= Interpositive =

Motion picture duplication film with an orange mask

An interpositive, intermediate positive, IP or master positive is a motion picture film with a positive image made from the edited camera negative. Interpositive film uses colored dye couplers that create an orange mask like the camera negative to preserve color accuracy.

==Description==
From a traditional photographic perspective, an interpositive (short for intermediate positive) is the positive image of the original camera negative, which is an intermediate step towards creating the positive (exhibition) print.

The camera negative is projected onto negative film stock in a liquid environment - termed a wet gate - where the film stock is exposed using a contact process, so creating a like image (in effect, retaining the image in its negative—i.e. "reversed"—form) on negative film stock, as an intermediate step.

The interpositive historically had only one purpose, namely to be the element which is used to make the internegative.

The interpositive is made after the answer print has been approved. All lights and opticals from the answer print are repeated when striking the interpositive, and once the IP exists the original negative can be vaulted.

It is sometimes referred to as a "protection IP", since the only time the IP is touched is on the occasion of making the first or a replacement internegative. Since interpositives are used so rarely, they are usually the element that is in the best condition of all the film elements.

Historically, interpositives were the element of choice for film-to-tape transfers:
1. They are usually in better physical condition than the other film elements. The original camera negative is typically checkerboarded on several rolls, or may be chemically unstable if stored improperly.
2. They are very low-contrast and therefore were a better match for the dynamic range of older telecines.
3. Scratches or dirt on the IP appear as black defects on the transfer, which are generally less objectionable than white defects, which would be the case if the camera negative or internegative were used.

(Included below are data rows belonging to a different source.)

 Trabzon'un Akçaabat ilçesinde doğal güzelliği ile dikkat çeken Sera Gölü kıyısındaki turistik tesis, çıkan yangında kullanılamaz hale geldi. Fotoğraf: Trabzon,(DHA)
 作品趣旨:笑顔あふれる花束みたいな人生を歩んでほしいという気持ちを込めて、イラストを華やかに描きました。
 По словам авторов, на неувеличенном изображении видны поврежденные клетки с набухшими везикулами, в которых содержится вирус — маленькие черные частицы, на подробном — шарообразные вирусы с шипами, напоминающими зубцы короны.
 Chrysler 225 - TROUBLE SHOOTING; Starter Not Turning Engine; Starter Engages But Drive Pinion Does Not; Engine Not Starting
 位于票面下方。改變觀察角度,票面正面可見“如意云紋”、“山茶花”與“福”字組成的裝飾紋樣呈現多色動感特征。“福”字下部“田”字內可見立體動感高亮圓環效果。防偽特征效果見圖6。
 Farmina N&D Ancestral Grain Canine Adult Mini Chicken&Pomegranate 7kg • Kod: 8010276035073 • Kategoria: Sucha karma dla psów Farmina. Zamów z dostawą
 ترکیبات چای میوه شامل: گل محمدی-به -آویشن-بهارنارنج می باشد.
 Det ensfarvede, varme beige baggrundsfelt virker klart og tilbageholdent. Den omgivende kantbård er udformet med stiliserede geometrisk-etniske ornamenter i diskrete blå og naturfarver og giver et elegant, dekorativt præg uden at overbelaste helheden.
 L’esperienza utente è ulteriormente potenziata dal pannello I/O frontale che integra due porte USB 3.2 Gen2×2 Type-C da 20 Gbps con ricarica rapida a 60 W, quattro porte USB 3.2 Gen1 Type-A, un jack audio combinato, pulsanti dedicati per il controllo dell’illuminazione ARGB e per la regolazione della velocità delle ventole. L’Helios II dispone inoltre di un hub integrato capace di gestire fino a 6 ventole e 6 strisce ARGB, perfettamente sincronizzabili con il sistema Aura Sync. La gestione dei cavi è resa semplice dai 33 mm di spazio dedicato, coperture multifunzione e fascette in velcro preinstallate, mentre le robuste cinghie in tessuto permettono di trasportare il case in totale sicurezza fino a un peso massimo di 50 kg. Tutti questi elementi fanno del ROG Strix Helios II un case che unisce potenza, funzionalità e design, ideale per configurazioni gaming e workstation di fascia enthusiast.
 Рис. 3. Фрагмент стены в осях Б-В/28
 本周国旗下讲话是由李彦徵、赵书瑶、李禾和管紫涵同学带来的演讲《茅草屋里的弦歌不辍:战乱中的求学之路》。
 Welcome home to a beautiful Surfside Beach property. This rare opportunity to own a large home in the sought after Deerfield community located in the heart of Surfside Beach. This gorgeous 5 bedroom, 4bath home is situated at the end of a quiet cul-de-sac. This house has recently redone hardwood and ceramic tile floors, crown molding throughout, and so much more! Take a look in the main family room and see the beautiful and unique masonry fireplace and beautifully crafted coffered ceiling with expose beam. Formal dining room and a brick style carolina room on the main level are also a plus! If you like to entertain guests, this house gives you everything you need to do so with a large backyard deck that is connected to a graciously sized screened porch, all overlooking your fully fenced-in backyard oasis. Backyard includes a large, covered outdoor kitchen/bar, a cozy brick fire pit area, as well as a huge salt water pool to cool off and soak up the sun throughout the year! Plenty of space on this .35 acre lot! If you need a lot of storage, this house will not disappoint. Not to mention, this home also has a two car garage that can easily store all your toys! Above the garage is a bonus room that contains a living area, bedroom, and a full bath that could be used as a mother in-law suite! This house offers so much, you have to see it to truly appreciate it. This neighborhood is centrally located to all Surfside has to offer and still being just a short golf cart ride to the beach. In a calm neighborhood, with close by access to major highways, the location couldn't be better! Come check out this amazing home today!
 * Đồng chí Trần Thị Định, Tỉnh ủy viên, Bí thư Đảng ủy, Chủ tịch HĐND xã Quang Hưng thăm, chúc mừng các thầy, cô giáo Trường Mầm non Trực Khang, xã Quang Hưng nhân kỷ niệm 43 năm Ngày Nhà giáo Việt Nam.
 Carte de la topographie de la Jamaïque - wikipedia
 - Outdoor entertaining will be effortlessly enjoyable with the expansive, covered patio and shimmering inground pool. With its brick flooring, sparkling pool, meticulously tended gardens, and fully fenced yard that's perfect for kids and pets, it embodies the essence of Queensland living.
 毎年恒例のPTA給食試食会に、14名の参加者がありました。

However, with improvements in resolution and dynamic range for home viewing, scanning the original camera negatives has become preferable.

Photographers who create photographic art by contact printing, such as Platinum or AZO, need interpositives in order to create large negatives. The final artwork has the size of the contact negative produced. Interpositives are also the best means of archiving or copying old image libraries. Reversal B&W processing can also be achieved from an interpositive by means of various kits and published recipes.